Die Telekom steigt nun in die Feinplanung für den Ausbau ein. Als Erstes wird eine Tiefbau-Firma ausgewählt und Material bestellt. Parallel dazu werden Baugenehmigungen eingeholt. Sobald alle Leitungen verlegt und alle Verteiler aufgestellt sind, erfolgt die Anbindung ans Netz der Telekom. Anschließend können die Kunden die neuen Anschlüsse buchen. Zukünftig werden in Schonungen Geschwindigkeiten von bis zu 1 GBit/s an den Anschlüssen zur Verfügung stehen. Das Glasfaserkabel wird dafür bis in die Häuser gezogen. Damit das möglich ist, müssen die Hauseigentümer eine Einverständniserklärung unterschreiben. Das größte Problem sind aktuell die vollen Auftragsbücher der Tiefbaufirmen.

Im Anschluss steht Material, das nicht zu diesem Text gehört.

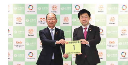
小牧シティマラソン大会にゼッケンの寄贈

今年も令和5年1月22日(日)に小牧シティマラソンが開催されました。当金庫は、この大会に協賛し、選手が着けるゼッケンを平成16年から寄贈しております。当日は、当金庫の職員31名も小牧市民の皆様方と一緒にマラソンに参加させていただきました。
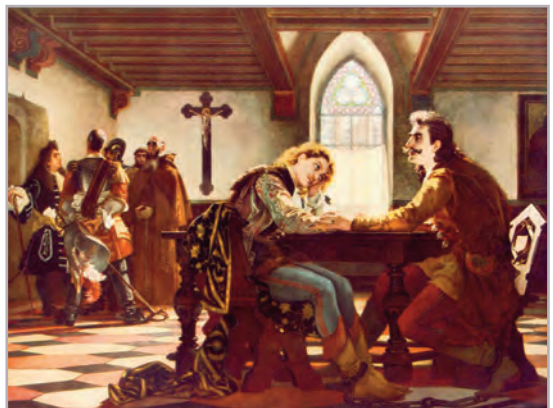
◆ Madarász Viktor: Zrínyi és Frangepán a bécsújhelyi börtönben (1864)

Mit gondolsz, miért volt kedvelt téma a 19. századi magyar festészetben a múlt eseményeinek megidézése? Keresd további, a magyar nép dicső múltját és a magyar nép megpróbáltatásait megjelenítő festményeket az interneten vagy művészeti albumban!

90% Zuschuss winken der Gemeinde für den Ausbau in den Bereichen, die von den bisherigen Ausbauprogrammen noch gar nicht profitieren konnten und daher keine Bandbreiten von 30 Mbit/s erhalten. Profiteur ist diesmal beispielsweise der Weiler Reichelshof oder die Mühlen zwischen Schonungen und Marktsteinach. „Gerade in entlegeneren Siedlungsgebieten könne man mit einer hervorragenden Glasfaseranbindung Leerständen vorbeugen“, ist sich Bürgermeister Stefan Rottmann sicher. Auch das Thema „Homeoffice“ spielt zunehmend eine größere Rolle. Im Rahmen der vorgeschriebenen Markterkundung war kein Unternehmen bereit, den Ausbau in den kommenden drei Jahren eigenwirtschaftlich zu stemmen. Damit war der Weg frei für den „Höfebonus“: Ein Förderprogramm, das den Glasfaserausbau gerade in Kommunen mit vielen Ortsteilen begünstigt.

Für den weiteren Glasfaserausbau investiert Schonungen eine stolze Summe von 1,174 Mio. Euro. Etwas mehr als 1 Mio. Euro fließen als Zuschuss zurück in die Gemeindekasse. Es bleibt darüber hinaus aber auch die Hoffnung, dass durch die kilometerlangen Glasfasertrassen am Ende noch weitere Anlieger oder auch zukünftige Breitband- und Mobilfunkprojekte profitieren. Jedenfalls stelle die Gemeinde einmal mehr unter Beweis, dass sämtliche Fördertöpfe aber auch Entscheidungsspielräume zu Gunsten der Bürger ausgelegt werden.

Gleichwohl stellt Bürgermeister Stefan Rottmann fest, dass man aufgrund der Förderreglungen und Gesetzgebungen an Grenzen stoße, die sowohl im Gemeinderat, der Verwaltung und in der Bürgerschaft auf Unverständnis stoße. Die trotzdem noch uneinheitlichen Ausbaustufen und Breitbandtarife im Gemeindegebiet kritisierte Rottmann deutlich und erhoffe sich endlich Antworten aus der Politik.